以下では、家事従事者の損害賠償額を計算する際に問題となる点についてQ&A方式で紹介します。
Q1
家事従事者の基礎賃金はどの程度ですか。
A
原則として、女性労働者の平均賃金(※)が基礎賃金として用いられています。
なお、男性の家事従事者の場合も同様に女性の平均賃金(※)が用いられることが多いです。
※賃金センサス代1巻代1表の産業計、企業規模計、学歴系の全年齢平均賃金または年齢別平均賃金をいいます。
Q2
家事に従事していた妻が交通事故により死亡した場合、逸失利益は認められるのでしょうか。
A
認められます。
家事労働を金銭的に評価し、平均的就労可能年限に達するまでの逸失利益を算定することが可能です。
Q3
兼業主婦の基礎収入額(死亡逸失利益)算定の際、家事従事者としての収入(女性平均賃金額)に、実収入分を加算することは可能ですか。
A
原則として、実収入部分を加算することはなく、女性の平均賃金額のみを基礎収入とします。

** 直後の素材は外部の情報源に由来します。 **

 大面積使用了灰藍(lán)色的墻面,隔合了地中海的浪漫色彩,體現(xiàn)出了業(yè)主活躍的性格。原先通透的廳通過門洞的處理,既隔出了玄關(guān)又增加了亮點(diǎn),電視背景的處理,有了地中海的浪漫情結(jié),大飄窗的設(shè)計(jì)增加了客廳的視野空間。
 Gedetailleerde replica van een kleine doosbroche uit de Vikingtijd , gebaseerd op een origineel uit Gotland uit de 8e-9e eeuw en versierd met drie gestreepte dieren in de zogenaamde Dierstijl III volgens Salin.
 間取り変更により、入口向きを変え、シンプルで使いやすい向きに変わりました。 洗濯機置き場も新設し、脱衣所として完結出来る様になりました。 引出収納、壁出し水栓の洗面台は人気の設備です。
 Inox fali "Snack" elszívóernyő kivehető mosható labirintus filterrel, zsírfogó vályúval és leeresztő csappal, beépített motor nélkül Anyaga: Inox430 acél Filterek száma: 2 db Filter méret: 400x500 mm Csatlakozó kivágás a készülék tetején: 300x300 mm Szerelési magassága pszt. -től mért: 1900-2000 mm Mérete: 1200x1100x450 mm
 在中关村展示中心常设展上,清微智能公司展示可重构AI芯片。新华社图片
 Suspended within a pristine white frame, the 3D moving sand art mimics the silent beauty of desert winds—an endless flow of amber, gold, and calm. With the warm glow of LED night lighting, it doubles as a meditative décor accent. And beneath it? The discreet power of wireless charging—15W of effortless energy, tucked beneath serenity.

ただし、金銭収入額が平均賃金額以上のときは、実収入額によって給与所得者や、個人事業者等として損害額を算定します。
(なお、金銭収入の喪失が家庭に与える影響が多い等の事情を考慮して、比較的金額が高い年齢別平均賃金を使う裁判例もあります。)。
Q4
一人暮らしの主婦です。家事従事者として認められますか。
A
原則として、認められません。
家事従事者と認められるためには、自己の家族のために主婦的労務に服することが必要です。
そのため、一人暮らしの被害者が自己のために家事を行っていても、家事従事者には該当しません。
Q5
子供夫婦等と同居している場合も、家事従事者として認められますか。
A
自身以外の家事を行っているのであれば認められます。
この場合、家事を分担して行っていると考えられるので、実際に分担している家事労働の内容、従事できる労務の程度等を考慮して、通常の家事従事者の基礎賃金よりも減額されることが多いです。

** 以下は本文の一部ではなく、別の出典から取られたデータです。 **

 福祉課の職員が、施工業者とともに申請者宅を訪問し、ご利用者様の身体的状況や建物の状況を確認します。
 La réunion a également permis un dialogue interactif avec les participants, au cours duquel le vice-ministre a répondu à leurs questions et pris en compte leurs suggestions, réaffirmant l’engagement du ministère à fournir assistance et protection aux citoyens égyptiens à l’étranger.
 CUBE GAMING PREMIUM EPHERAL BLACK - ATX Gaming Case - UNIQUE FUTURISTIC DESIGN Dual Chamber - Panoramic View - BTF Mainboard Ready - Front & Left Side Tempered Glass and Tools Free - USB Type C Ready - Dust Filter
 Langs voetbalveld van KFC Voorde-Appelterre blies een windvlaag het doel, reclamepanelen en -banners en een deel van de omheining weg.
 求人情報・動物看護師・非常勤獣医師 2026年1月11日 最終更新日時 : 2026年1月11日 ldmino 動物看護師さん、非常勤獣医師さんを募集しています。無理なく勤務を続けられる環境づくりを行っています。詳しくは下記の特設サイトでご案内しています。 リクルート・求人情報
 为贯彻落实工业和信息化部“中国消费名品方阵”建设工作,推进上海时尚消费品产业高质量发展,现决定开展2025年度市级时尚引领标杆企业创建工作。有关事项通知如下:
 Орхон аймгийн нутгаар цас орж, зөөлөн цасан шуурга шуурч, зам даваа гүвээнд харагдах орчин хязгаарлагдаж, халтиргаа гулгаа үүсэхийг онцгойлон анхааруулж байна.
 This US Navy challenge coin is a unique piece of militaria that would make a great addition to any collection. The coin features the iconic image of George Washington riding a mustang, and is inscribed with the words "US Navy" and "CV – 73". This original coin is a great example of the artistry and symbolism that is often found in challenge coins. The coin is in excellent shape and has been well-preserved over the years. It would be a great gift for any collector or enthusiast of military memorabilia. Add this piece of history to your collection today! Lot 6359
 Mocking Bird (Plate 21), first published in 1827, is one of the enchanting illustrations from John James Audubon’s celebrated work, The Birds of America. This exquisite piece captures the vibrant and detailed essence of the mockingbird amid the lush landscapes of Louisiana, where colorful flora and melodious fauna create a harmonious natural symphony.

このことは、親元にいる子供が、家事の多くを分担している場合にもあてはまります。
Q6
家事従事者の平均賃金を算定する際、年齢や生活状況等は考慮されますか。
A
はい。
例えば、被害者がかなりの高齢の場合、家族との生活状況や、自身の身体状況等を考慮して、賃金センサスの平均賃金から減額した額を基礎収入とする例がみられます。
Q7
事故のせいでしばらく家事、育児を行えなくなりました。専業主婦ですが、休業損害は認められるのでしょうか。
A
現に家族のために家事労働に従事しているのであれば、家事従事者と認定できますので、受傷のため家事に従事できなかった期間については、休業損害を請求することが可能です。
Q8
身内の介護を行う人が家事従事者と認められることはありますか。
A
はい。
例えば、無職の高齢の男性が寝たきりの妻を介護していたのを家事と認定し、休業損害等を認めた例があります(女性・学歴計・全年齢)。